It drove me nuts for a while that Apple would decide "well, you're close enough to the shortcut that we'll take pity and fill it in for you" - no, I specifically chose my shortcuts to be text that would never come up normally. Thankfully, they fixed this eventually.

2. Make them as short as possible. Most of mine are 3 letters. I use “apl” for the Apple logo. It’s a lot faster to type than “applelogo.”
Yep, all of mine are of the form "!ab", where the two letters clue me in, and the leading "!" ensures that I'm doing it on purpose. Also reminds me of csh/bash history substitution, which entertains me. I had had a haphazard naming system early on, but, combined with the above problem of Apple deciding that "close enough was okay" in the early days, I actually ended up writing a script to look through a large body of English language text (the wordlist that ships with Unix, along with a few books) to find least frequently occurring letter pairs - turns out that "(anything)x" is pretty infrequent, if you avoid vowels for the first letter.

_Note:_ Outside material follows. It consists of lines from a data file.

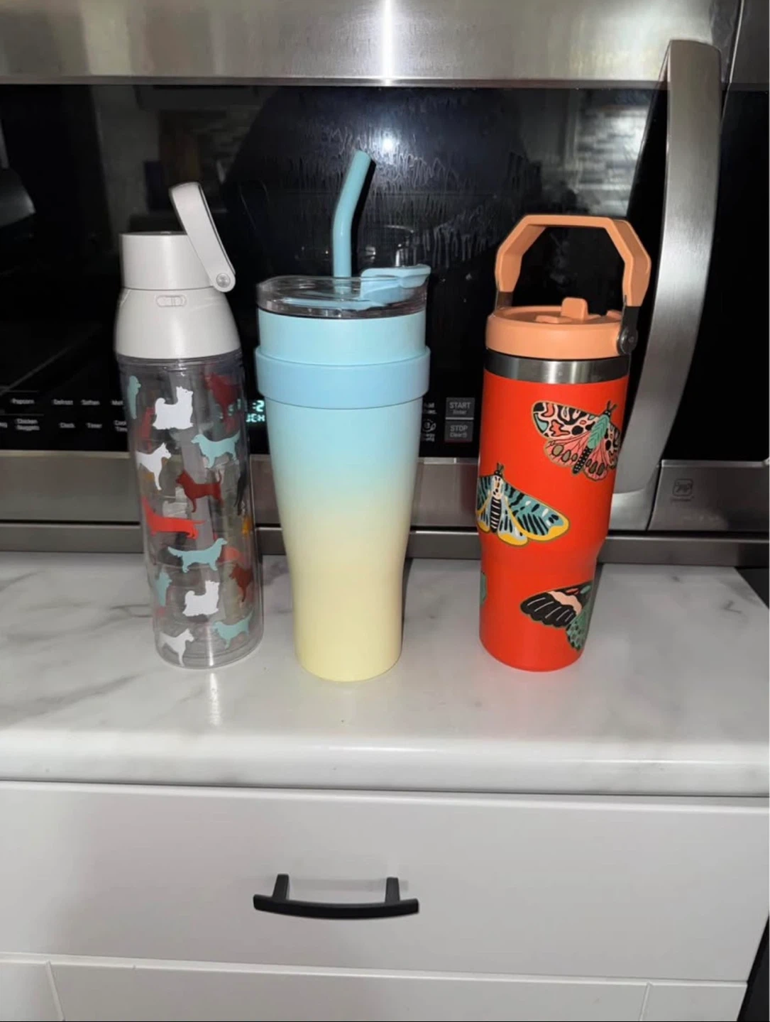 Buy & SellTumbler and Water Bottle SetTumbler and Water Bottle SetFreeSet includes a blue to yellow gradient tumbler with straw, a clear water bottle with dog print, and an orange tumbler with butterfly design. All are reusable drinkware.ConditionLike newWHERE TO MEETCheck LocationView MapSELLERverifiedLisaHoliday Hills811 review0 chats·0 favorites·4 viewsSEND CHAT TO SELLERHi Lisa! I’m interested in your listing.Hi Lisa! I’m interested in your listing.Get the Karrot app to chatSign In to chat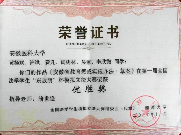 本届大赛自2022年5月启动,共有来自北京大学、中国人民大学、中国政法大学、武汉大学、华东政法大学等161所高校共计405支团队1871名本科生和研究生参赛。经过四个多月认真准备,2020级本科生黄杨斌、许斌、费凡、闫树林、吴蒙、李欣微等六位同学组成的参赛队提交的《安徽省教育惩戒实施办法·草案》这一作品,从初选阶段405份作品中脱颖而出,进入全国100强,最终在决赛中荣获优胜奖。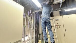 現場ではブライン配管及び冷媒配管の接続工事、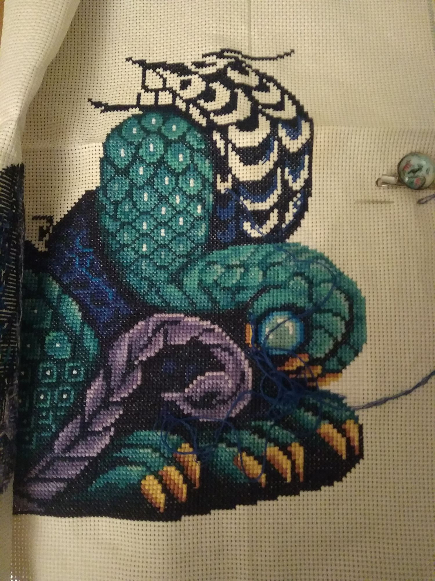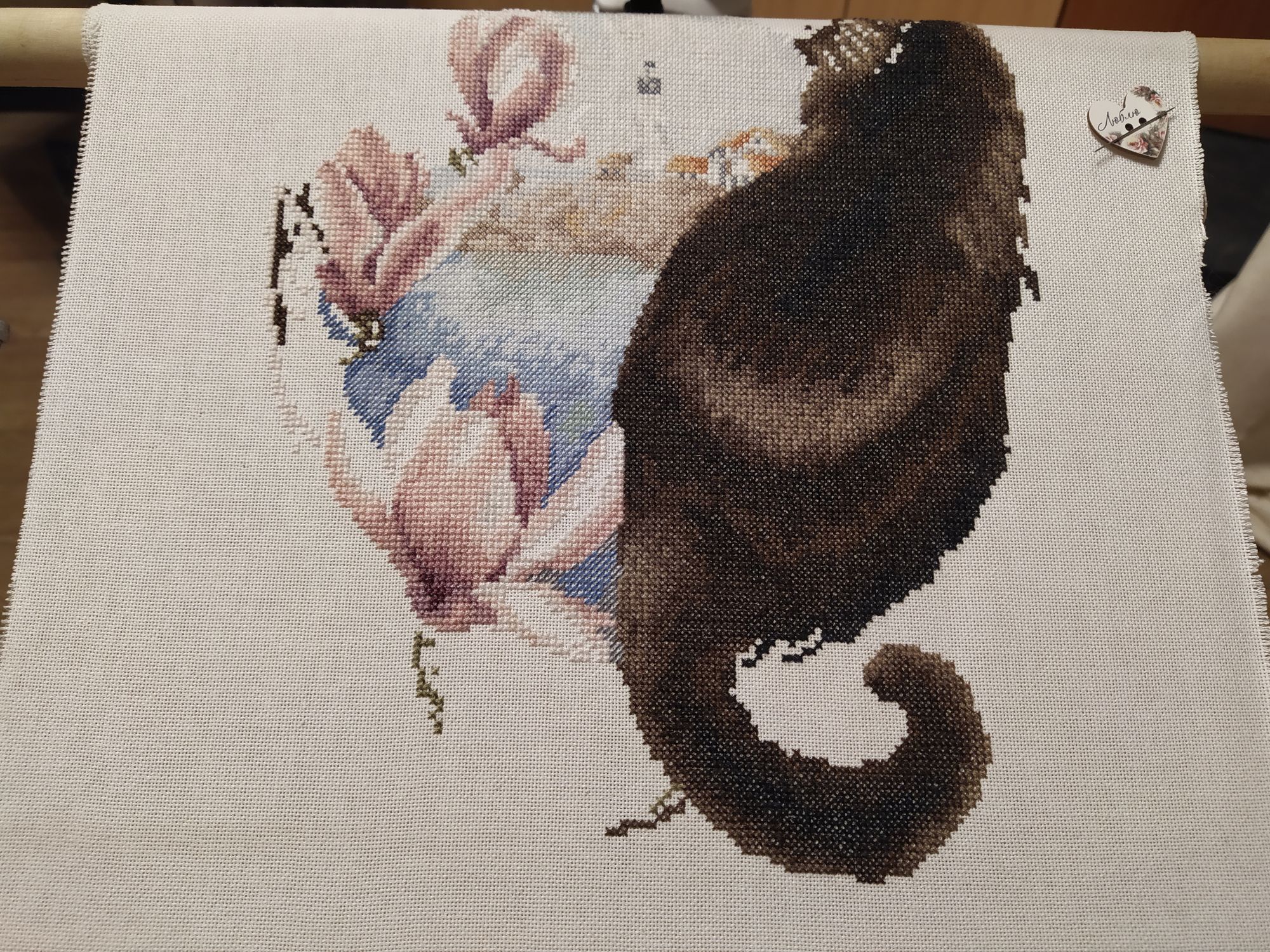 21 марта 2023 Здравствуйте, милые девочки! По привычке отчитаюсь раньше, на пятницу, 24 марта. То, что вышилось в выходные. Немного, но я активничаю в других областях и вышивку с собой не беру. А ещё хочется параллельно подтянуть что-то в других процессах. Что я и делаю по чуть-чуть. Итак, вышит 471 стежок бэкститча, это 235 крестиков. Было: 14.03.2023 в 10:52, Leutnant Ripley сказал(а): Стало: Да, сейчас занимаюсь исключительно бэком. План таков: вышиваю всё-всё в этой плоскости, чтобы потом провернуть раму и открыть поле для деятельности, вышить всё остальное в верхней части, уже до победного)) Natalie, call_me_daria, Лана05 и 17 других сказали спасибо Поделиться сообщением Ссылка на сообщение

3. Save things like your address, email address, and the name of your city. It saves so much time.
"!fx" for full name, "!mx" for email address (amuses me because DNS uses MX records for mail), "!nx" for my normal username on various systems, "!px" for my ten-digit phone number, "!sx" for my street address, "!cx" for my city name, and "!xz" for my full zip+4 zipcode. And it's so nice to be able to use, for instance, the email one, and know for certain that I haven't made a typo - like, yes, I know my own email address, yes, it's easy to type, but typos still happen occasionally. It's almost a security thing, to avoid typos, more than a timesaver.

4. I also have lots of special characters saved. For example: ←, →, ↑, ↓, ≠.
I did a few of those at first, and ended up just building myself a... sort of a clown alphabet, so "!uu" gets me "unusual unicode", namely this mouthful (non-ASCII / non-emoji characters that I might want to use, that I can't get from the iOS keyboard):

©®℗™°¢µ‽℅№§¶†‡·•‣⅛¼⅜½⅝¾⅞⅓⅔±×÷≠∞¬∴⌘⌥⌃⇧⏎↑→↓←△□○✕​

I use that mostly in textfields on iOS, where I find it easier to dump in the entire set and select out the character(s) I want, rather than to have a whole bunch of different macros for each character or set of characters. From time to time, if I come up with another character I need, I just add it to the one list in the one place.

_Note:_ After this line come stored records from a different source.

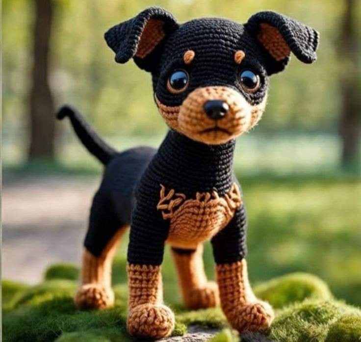 35 Row: 8 blk. sc, 4 brwn. sc, 12 blk. sc = 24 sc 36-40 Row: 9 blk. sc, 4 brwn. sc, 11 blk. sc = 24 sc (5 rows) 41-42 Row: 10 blk. sc, 3 brwn. sc, 11 blk. sc = 24 sc (2 rows) 43 Row: (2 sc, dec) * 6 = 18 sc 44 Row: (1 sc, dec) * 6 = 12 sc 45 Row: 6 dec and close the opening. Legs Start with brown color. 1 Row: 6 sc in CA 2 Row: 6 inc = 12 sc 3 Row: (1 sc, inc) = 18 sc 4-5 Row: 18 sc (2 rows) 6 Row: 6 dec, 6 sc = 12 sc 7 Row: 3 dec, 6 sc = 9 sc 8 Row: 9 sc. At the end, change to black. 9-13 Row: 9 blk. sc (5 rows) 14 Row: (1 blk. sc, dec) * 3 = 6 sc Stuff the tip of the leg a bit more densely, not too much on top. Fold the leg in half and crochet the halves together with single crochets. Using a thin, strong thread in the same color, create toe indentations on top, forming the toes. Embroider claws with black yarn. Tail 1 Row: 4 sc in CA 2-13 Row: 4 sc (12 rows), ss. Secure the thread, leaving a tail for sewing. Finishing and Assembly First, sew the ears to the head using a thin, strong black thread. Use the photo as a reference for their placement. Above the eyes, after every 2 rows, embroider eyebrows in brown color. Sew the head to the body using a strong thread, making sure that the brown color of the face aligns approximately with the brown color on the chest. Attach the front legs tightly to the body with strong black thread, approximately under the ears. They should be immovable. Attach the hind legs at the very end of the body. Attach the tail in the same area where you closed the body.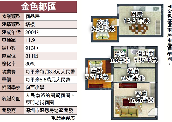 Q房國際羅湖口岸名園店置業經理趙先生介紹,小區一房一廳的租金可以放到4500元左右,2房1廳的大概可以租到5500到6000元,出租回報率不錯,很多港人買來出租。當然,自住也很不錯,出行方便,9號線可以去到深圳灣、1號線往東可以去到羅湖口岸、向西可以一路到深圳南山科技園及寶安區的機場東站。按照目前的成交價來計算,金色都匯一套36平米的房子售價是202萬左右,一套67平米的2房2廳售價是377萬左右。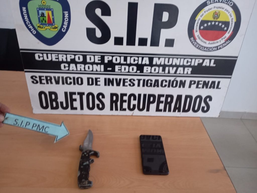 Además del celular también incautaron el cuchillo con el que el detenido habría sometido a la víctima.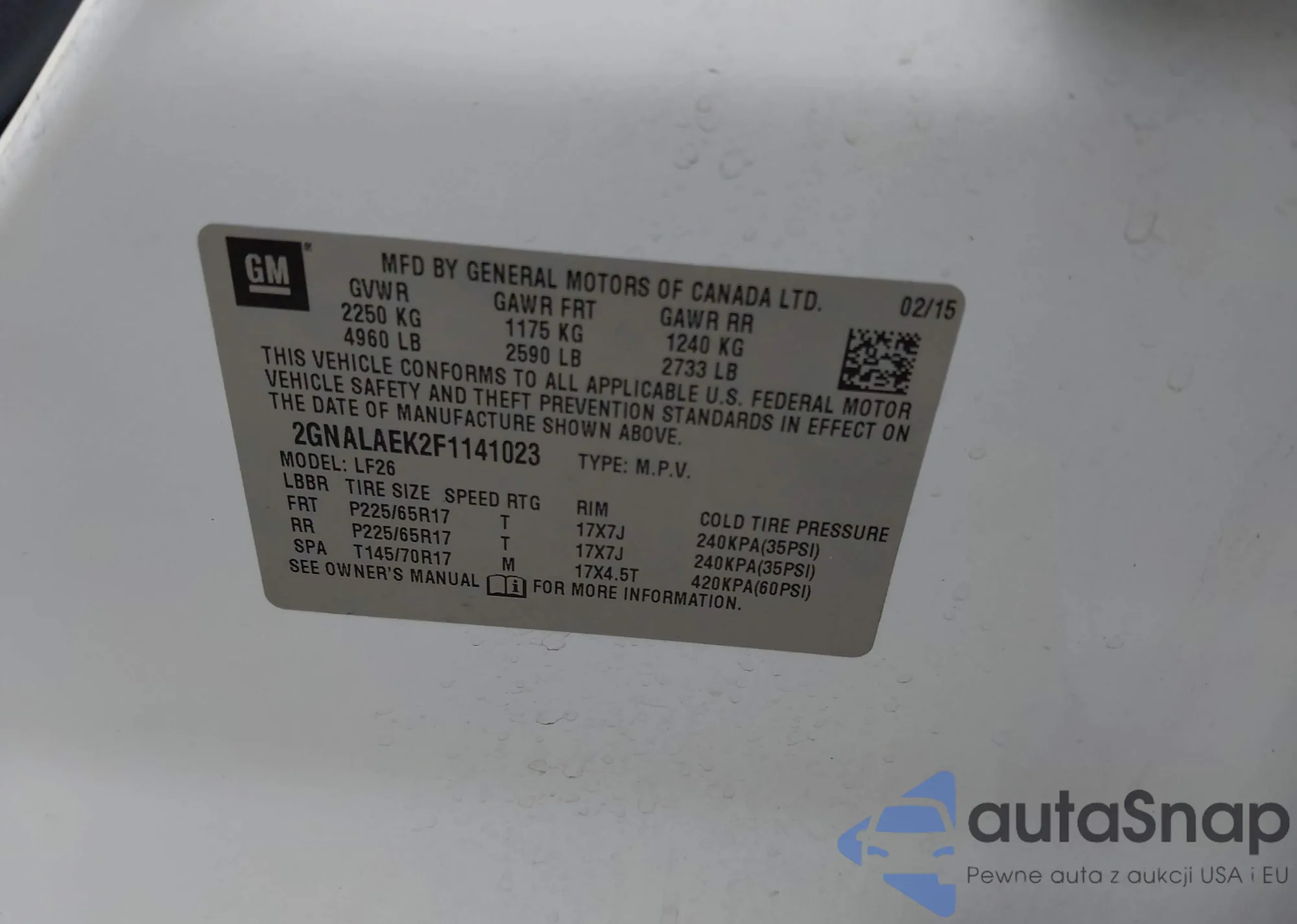 VIN: 2GNALAEK2F1141023

5. I also have some links I send fairly frequently.
That is a useful idea I'll have to consider.

I also have "!pqnld" for "¿Por qué no los dos?" because I find places I want to use that occasionally and it saves me having to get the "¿" and remember the accented letters. Come to think of it, there are a handful of sentences that I find myself using over and over (mostly for moderating/helping on Reddit) that I ought to put in to text replacement.

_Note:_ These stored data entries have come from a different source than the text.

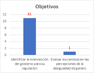 De acuerdo con lo establecido en la Tabla 4, se observa que los objetivos revisados en cada una de las investigaciones, podemos evidenciar que once (11) de ellas muestran en gran medida la preocupación e interés respecto a “Identificar la intervención del gobierno para su regulación” como se puede observar en la Figura 5, y una (1) de ellas en “Evaluar los cambios en las percepciones de la desigualdad de género”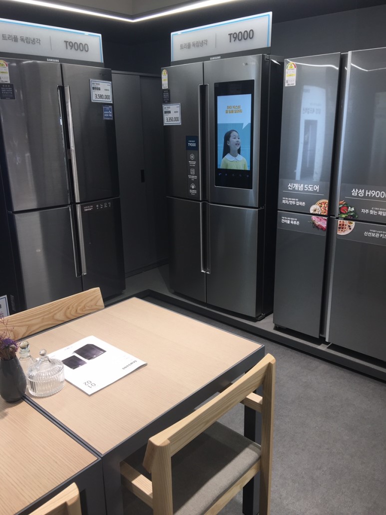 냉장고와 세탁기. 냉장고에 디스플레이가 달린 건 좀 신기. 세탁기도 점점 더 발전하는 게 보이네요.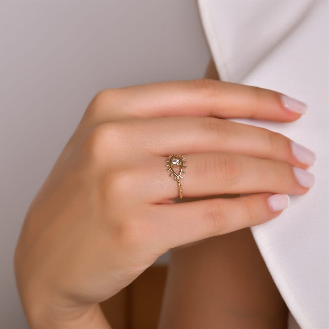Yuvarlak kesim Zirkon Taşlı Kirpik Göz Yüzük 14 ayar altın yüzük son dönemin en çok tercih edilen tasarımlarından. Beyaz zirkonia taşlı, Sarı, rose ve beyaz altın seçenekleri bulunmaktadır.

By the way, for getting access to arbitrary unicode characters on iOS/iPadOS, I've been happily using Unicode Pad Pro for many years. It has a custom keyboard you can install, but I don't bother (I'd rather have the keyboard toggle just have text / emoji rather than cycling through a list). But it's great for looking up arbitrary characters by name, and copying the unicode character from that, to paste into a document. If it's a one-off, I'll do that, if it's something I'll use more than a few times, I'll add it to my "!uu" macro.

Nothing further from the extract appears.